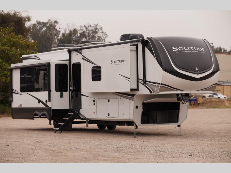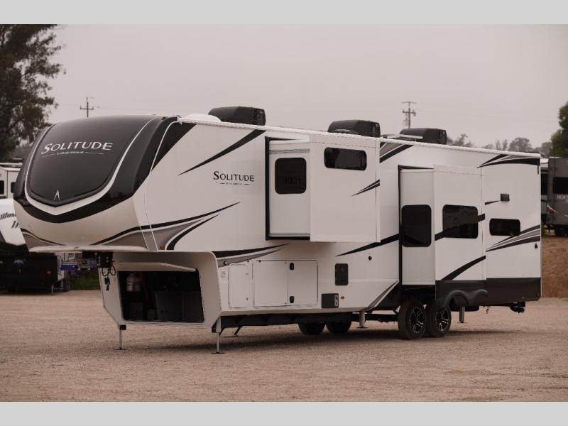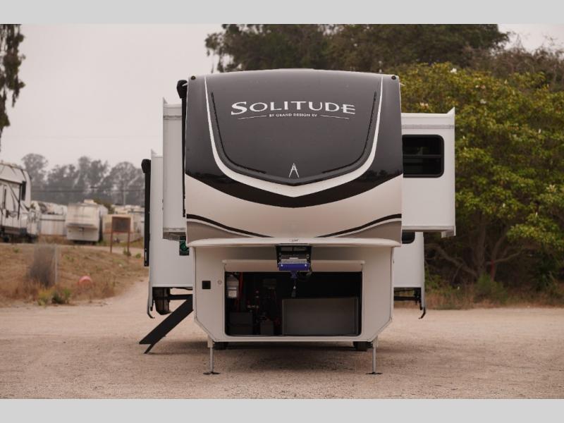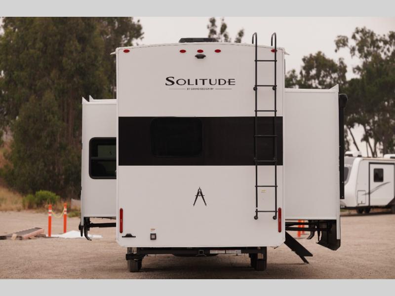 Each Solitude fifth wheel by Grand Design features a 101" wide-body construction, heavy duty 8,000 lb. axles, frameless tinted windows, and high-gloss gel coat sidewalls. You can camp year around thanks to the Weather-Tek Package that includes a 35K BTU high-capacity furnace, an all-in-one enclosed and heated utility center, and a fully enclosed underbelly with heated tanks and storage. Inside, you'll love the premium roller shades, hardwood cabinet doors, solid surface countertops, plus residential finishes throughout to make you truly feel at home. Each model also includes a MORryde CRE3000 suspension system, self adjusting brakes, and a MORryde pin box that will provide smooth towing from home to campground. Affordable luxury is possible with the Solitude fifth wheels; choose yours today!
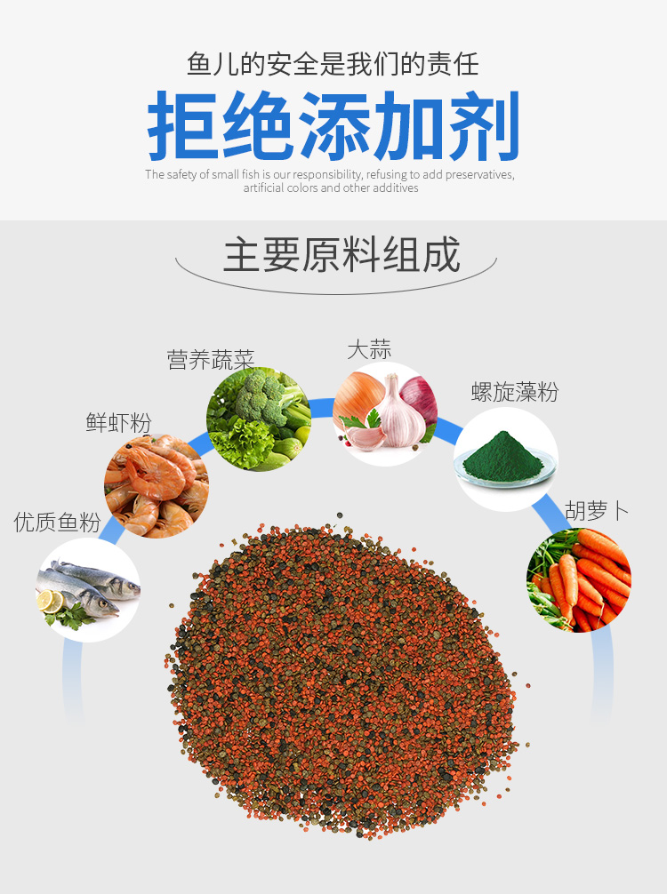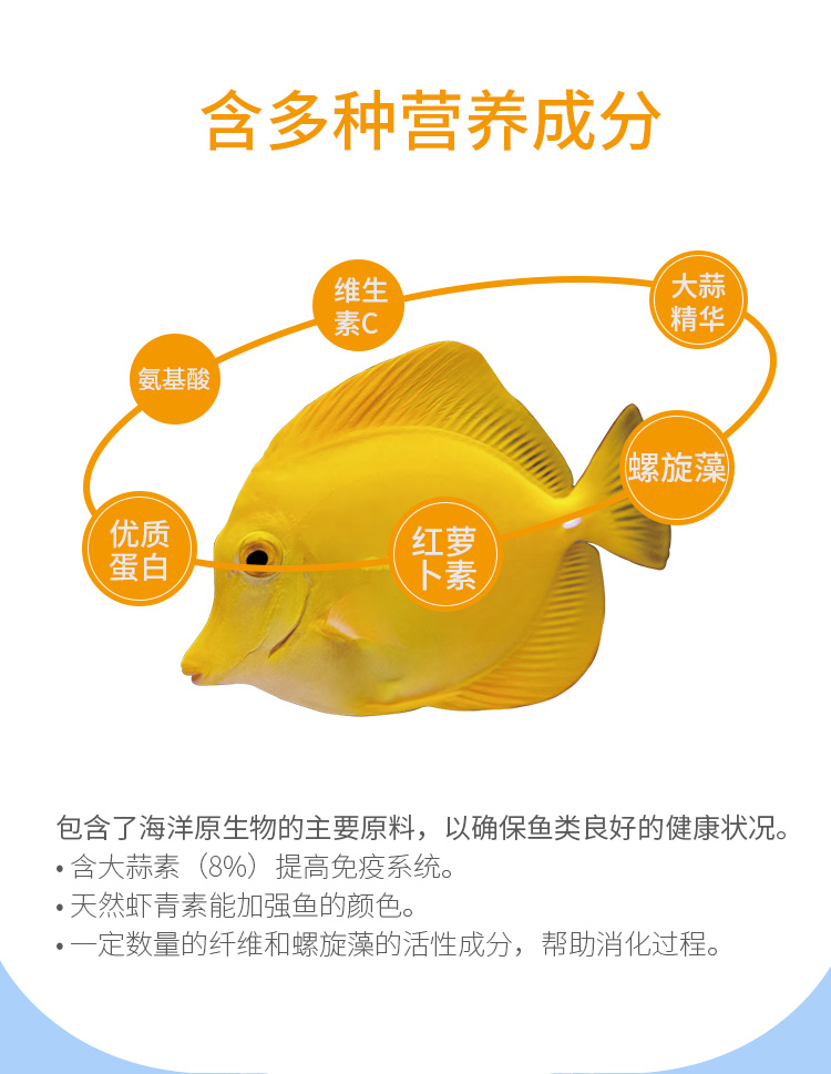 特別添加螺旋藻及卵磷脂,針對魚隻有絶佳的揚色及腸胃保健效果
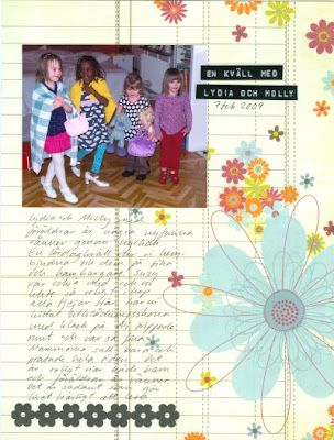 Ett papper som det är kan vara svårt att scrappa men man kan också göra väldigt enkla layouter med det. Här har jag scrappat ett vardagsfoto från en kväll hos goda vänner. Det är foto och journaling vilket räcker. Eftersom papperet är så mönstrat i sig så blir ändå sidan väldekorerad.

○ ○ ○ ○ ○ ○ ○

*PROBLEM TO WORK ON:* Only the lines from the one containing "特別添加螺旋藻及卵磷脂,針對魚隻有絶佳的揚色及腸胃保健效果" through the end of the listing above should be reproduced, exactly as they stand. Leave the pictures out.

*ANSWER BELOW:*
 特別添加螺旋藻及卵磷脂,針對魚隻有絶佳的揚色及腸胃保健效果
 Ett papper som det är kan vara svårt att scrappa men man kan också göra väldigt enkla layouter med det. Här har jag scrappat ett vardagsfoto från en kväll hos goda vänner. Det är foto och journaling vilket räcker. Eftersom papperet är så mönstrat i sig så blir ändå sidan väldekorerad.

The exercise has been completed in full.